The Plaza was the final cinema constructed for the Ambassador Cinema Circuit (1926-1933), beginning with the Ambassador Super Cinema in Pendleton in 1928. This circuit also included the Kingsway Super Cinema in Levenshulme, the Heaton Park Cinema in Whitefield, the Carlton Super Cinema in Clayton, all built in 1929, and the Regal Super Cinema in Altrincham in 1931. Unfortunately, all of these cinemas have since been demolished, making the Plaza the last surviving cinema from the original Ambassador Circuit

Owners were: Ambassador Circuit 1926–1933; Snape & Ward Circuit 1934–1955; G.B. Snape Circuit 1956–1965; Mecca Bingo 1965–1990; Rank Organisation 1990–1999; Stockport Plaza Trust 2000–present.
- Cinema
1929 (April): First scheme submitted to Stockport Corporation for the construction of Cinema, Mersey Square, Stockport

1931: Construction of the Regal Cinema, Altrincham, designed by Drury and Gomersall for the Ambassador Cinema Circuit

1932 (Oct): The Plaza Super Cinema opens in Stockport

1933 (Sept): Death of Fred Read, Chairman of the Ambassador Cinema Circuit

1934: Remaining Ambassador Circuit Directors, Alfred Snape and Arthur Ward assume control under the Snape & Ward Cinema Circuit

1936: Death of Director Arthur Ward, son Harold succeeds to his share of the business

1937: Front Circle rake altered, balcony front raised, stage level raised

1947: Death of Director Alfred Snape, son Brian succeeds to his share of the business

1949: Seven day programme introduced (same film for seven days)

1953 (Aug): Large 48 × 18 ft projection screen installed

1953: Stockport's first 3D film presentation at – "Sangaree"

1954: First CinemaScope presentation

1955: Harold Ward exits the business to form the Ward Cinema Circuit

1956: Brian Snape took ownership of the Plaza and the remaining Snape & Ward cinemas, renaming the circuit as the G.B. Snape Circuit

1960: First pantomime, Babes in the Wood featuring the Dallas Boys

1965 (July): Purchased by the Mecca Group

1966 (Dec): Closes as a cinema

- Bingo hall
1967: Modifications to the auditorium to accommodate bingo; removal of roof tiling, loss of external veranda, neon lighting and signage. Flat floor insertion at rear of stalls, and alterations to foyer. Alterations to café area.

1967 (Feb): Reopens as a bingo hall

1997 (Mar): Cinema listed Grade II by English Heritage

1999: Cinema closes as a bingo hall

- Restored cinema
2000 (Aug): Listing upgraded to Grade II* by English Heritage

2000: Purchased by the Stockport Plaza Trust, first restorations started, and re-opened for live shows and vintage film presentations.
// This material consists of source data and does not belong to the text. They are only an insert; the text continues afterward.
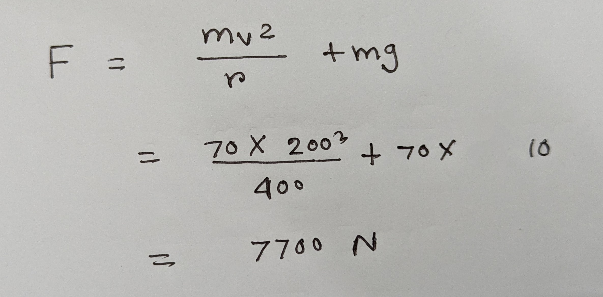 An aeroplane flying in the sky with a uniform speed of 200 m/s moves in a vertical circle of radius 400 m. The mass of the pilot is 70 kg. The force exerted by the pilot on the seat at the lowest point on the circle will be(g=10 m/s^2)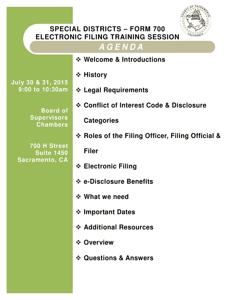 Get the free SPECIAL DISTRICTS FORM 700 ELECTRONIC FILING - form700 saccounty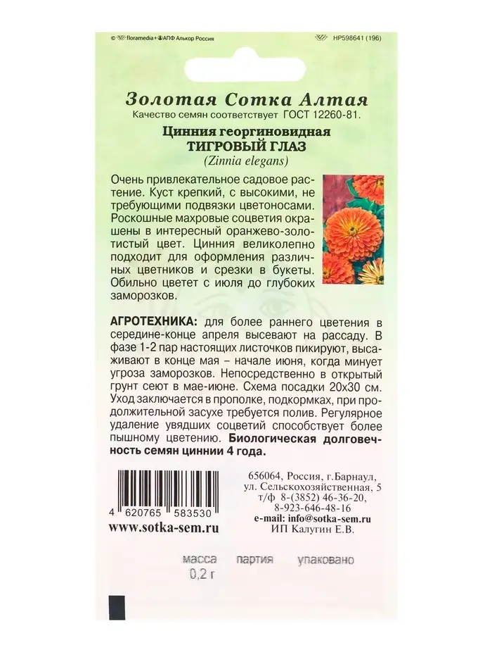Семена Цинния Тигровый глаз /Сотка/ 0,2г/ оранж. h-80см, d-15см/*1000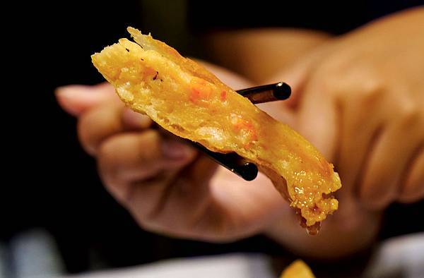 將蝦子剁碎至泥後,在使用春捲皮包覆起來後,油炸至金黃色澤,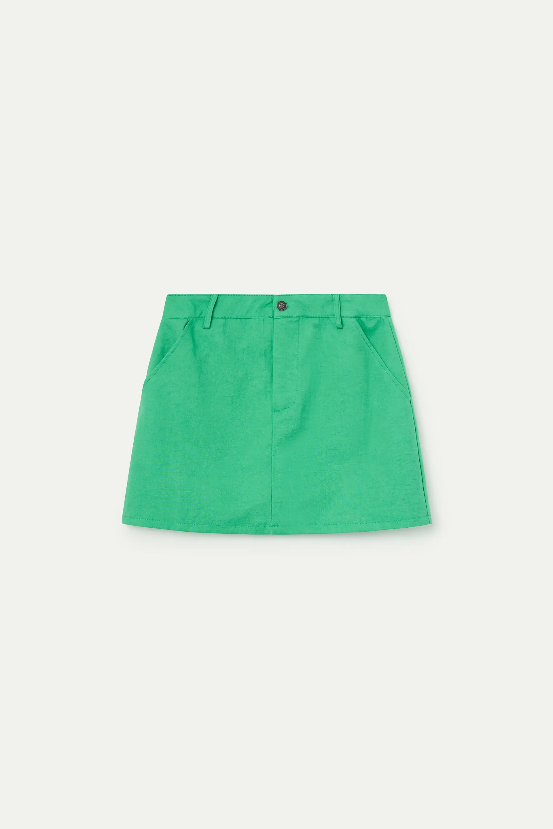 Short skirt in a linen and cotton blend fabric in green. High-waisted with a fixed waistband. Concealed zip and button front closure. Side pockets. The model is 173 cm tall and wears size S.
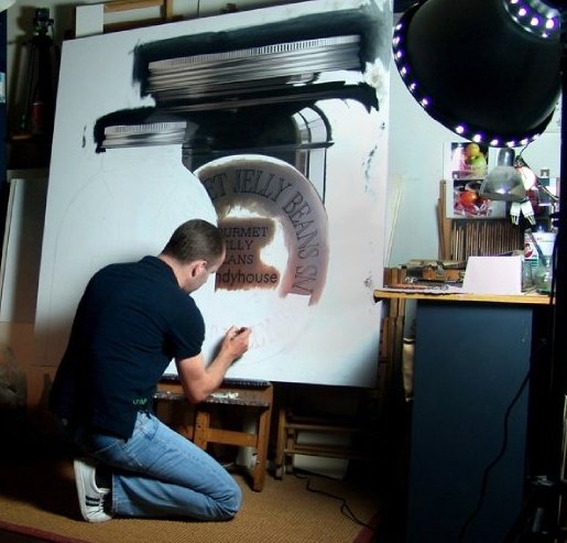 Site-ul artistului este pedrocampos.net. Pedro Campos este spaniol, locuieşte în Madrid şi are 46 de ani. După cum puteţi vedea în imaginea de mai jos, picturile nu sunt chiar mici.

First cinema show in December 2000 featured a performance of 42nd Street which had been the first film shown at the Plaza in 1932. There was also a variety performance, and Nigel Ogden of BBC Radio 2's The Organist Entertains played the Compton Organ for a 1930s style singalong before the screening. (The organ had been found to be in full working order, only needing the power switched on to be used.)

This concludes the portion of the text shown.